Beberapa orang memilih menghabiskan sisa hidupnya di rumah sakit karena merasa
fasilitas yang ada lebih memadai, namun sebagian memilih menghabiskan sisa hidupnya
di rumah bersama pasangan, anak dan sanak saudara. Komunikasi pada orang yang akan
meninggal dengan lingkungan sekitarnya sangatlah penting. Yang paling baik bagi
individu yang sekarat dan orang di sekitarnya adalah mengetahui bahwa mereka akan
mati karena kesadaran ini akan memiliki banyak manfaat diantaranya, individu akan
mati sesuai dengan persepsi mereka tentang kematian, dapat menyelesaikan rencana
yang belum terselesaikan, adanya kesempatan untuk bernostalgia dan berkomunikasi
dengan orang-orang terdekat mereka , individu akan memiliki pemahaman yg lebih
tentang apa yang terjadi pada diri mereka, dan bagaimana perlakuan staf medis terhadap
mereka.
Kematian juga berdampak pada orang yang ditinggalkan. Mereka merasakan duka
cita yakni kelumpuhan secara emosional, ketidakpercayaan, kecemasan karena
perpisahan, putus asa, sedih dan kesepian yang menyertai ketika kita kehilangan orang
yang dicintai. Kesedihan berkepanjangan adalah duka yang melibatkan rasa bertahan,
putus asa dan masih belum bisa merelakan kepergian mereka yang mati dalam beberapa
periode waktu. Sebuah model untuk mengatasi kehilangan yang menekankan pada dua
dimensi, yakni kehilangan berorientasi stress dan restorasi berorientasi stressor.
Akibat nyata yang biasa terjadi pada orang yang ditiinggal meninggal antara lain
depresi, kehilangan pendapatan, merasa sendiri, dan meningkatkan risiko penyakit fisik
dan mental. Adapun bentuk-bentuk berkabung pada setiap kultur berbeda-beda.

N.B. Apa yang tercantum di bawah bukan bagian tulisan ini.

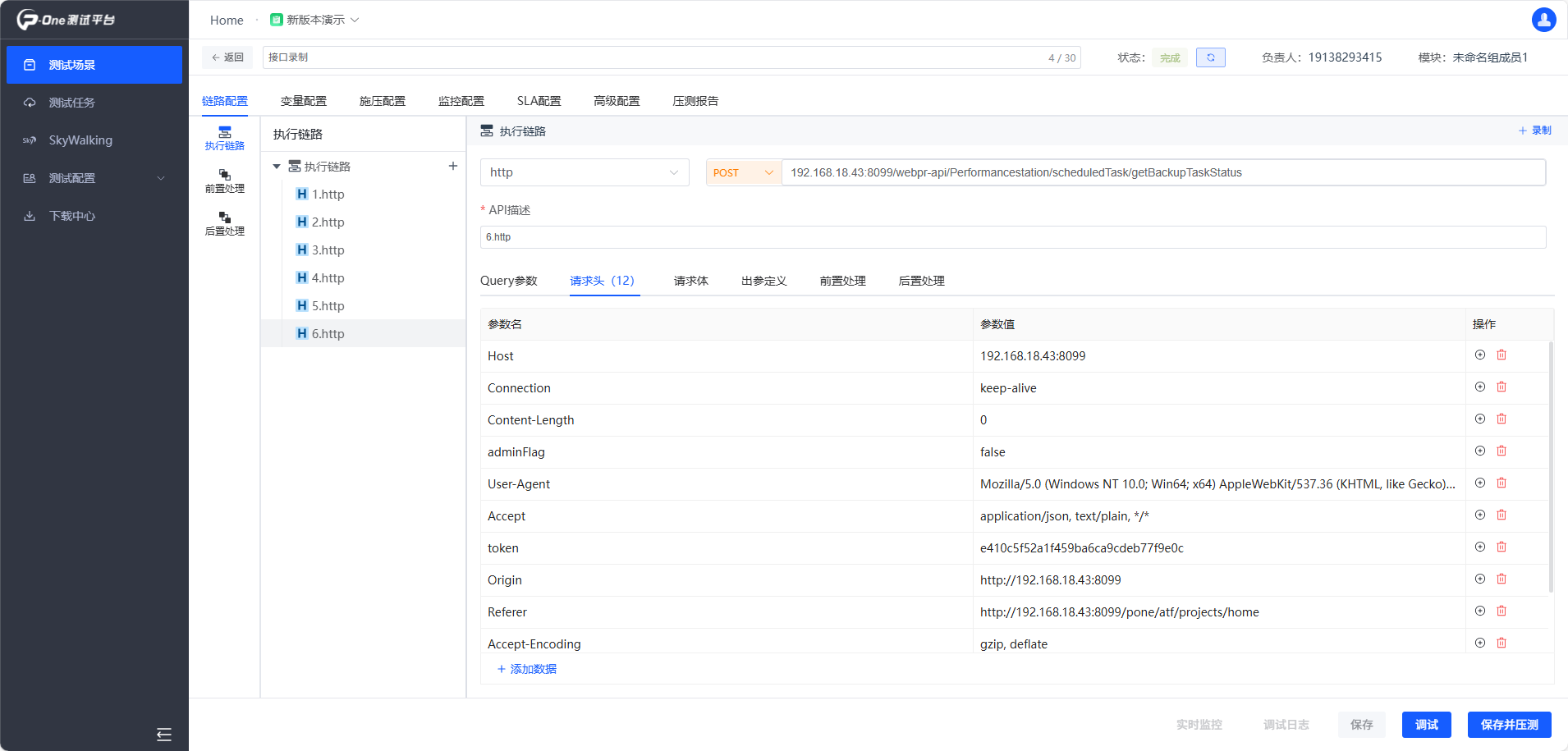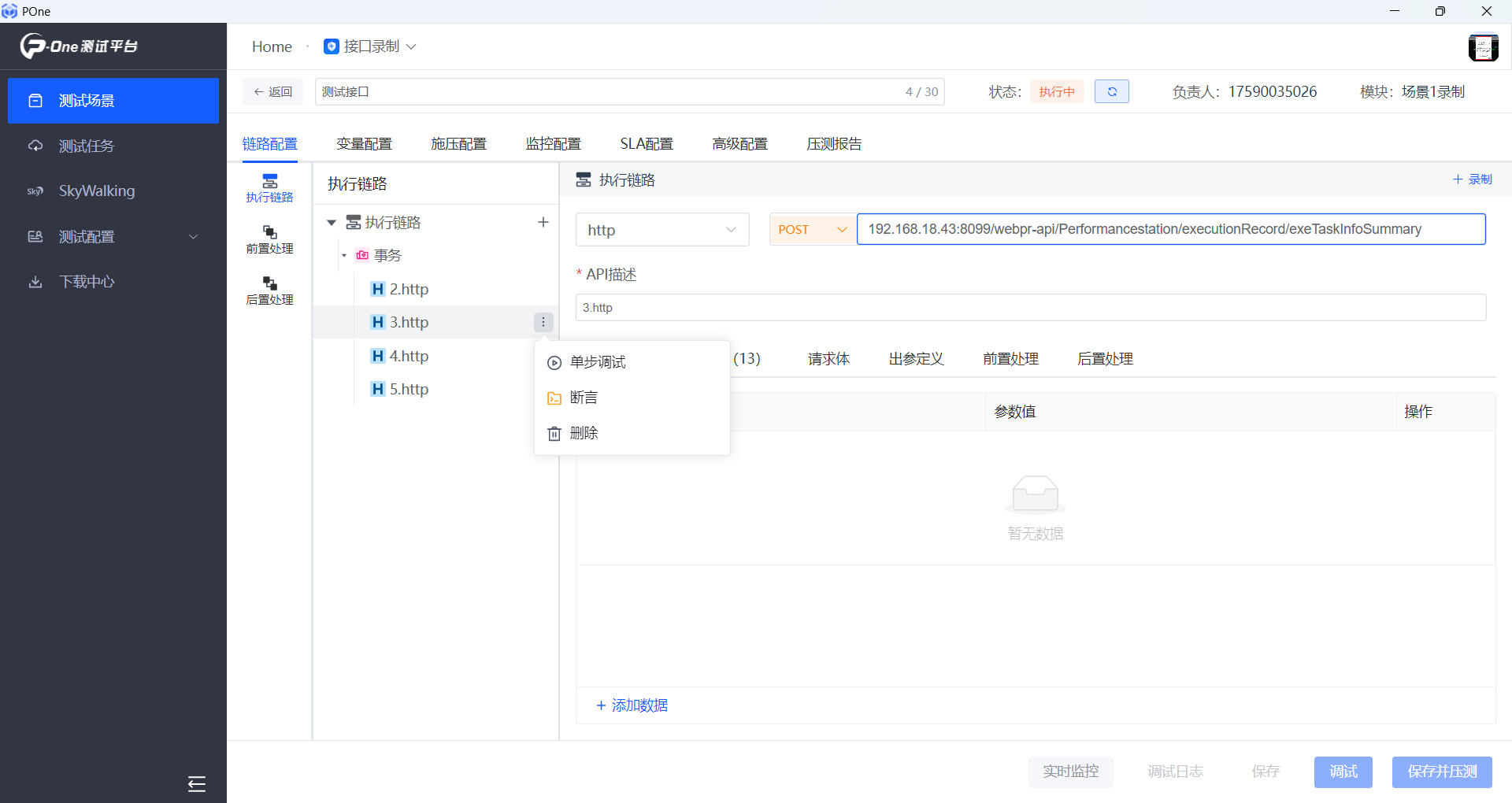POne上個版本創(chuàng)建性能場景,需要手工來添加測試接口信息(見下面截圖),對新手來說有點麻煩了,接口參數(shù)信息不能出任何錯誤,很容易出現(xiàn)調(diào)試失敗。

Beberapa bentuknya adalah pemakaman dan kremasi. Dua pertiga kasus yang
meninggal dimakamkan dan sepertiga dikremasi. Untuk orang yang religius, proses
pemakaman lebih baik dan bermanfaat dengan alasan banyak yang berziarah dan
berefek positif bagi kerabat yang ditinggalkan.
I. Refleksi Diri
Pengalaman yang paling berharga bagi saya dan tidak bisa saya lupakan adalah
ketika presentasi dan kami memakai pakaian seperti kaum beragama muslim dan
kristen. Hal ini membuat kami menjadi lebih tertantang untuk memberi yang terbaik
pada presentasi RPM yang terakhir dalam semester ini.Setelah mempelajari
perkembangan kepribadian, moral, spiritualitas dan religiusitas dari awal hingga akhir,
saya semakin mengerti tentang bagaimana rentang prkembangan manusia dan
perubahan kepribadian kepribadian, moral, spiritual dan religiusitas dan apa saja yang
terlibat dalam perkembangan manusia. Selain itu saya juga semakin mengerti tentang
apa saja perubahan yang terjadi dalam kehidupan sehari-hari jadi saya lebih mampu
untuk bisa menempatkan diri agar dapat berinteraksi yang baik dengan lingkungan
sekitar.
Daftar Pustaka
Santrock, John W. 2002. Life-Span Development: Perkembangan Masa Hidup, Edisi 5,
Jilid 1. Terjemahan oleh Achmad Chusairi dan Juda Damanik dari Life-Span
Development, 5 E. Jakarta: Erlangga.
Santrock, John W. 2002. Life-Span Development: Perkembangan Masa Hidup, Edisi 5,
Jilid 2. Terjemahan oleh Achmad Chusairi dan Juda Damanik dari Life-Span
Development, 5 E. Jakarta: Erlangga.
Santrock, John W. 2011. Life-Span Development, 13rd Edition. New York: McGraw-
Hill.
Passer, Michael W. dan Smith, Ronald E. 2008. Psychology The Science of Mind and Behavior Fourth Edition. New York: Mc-Graw Hill.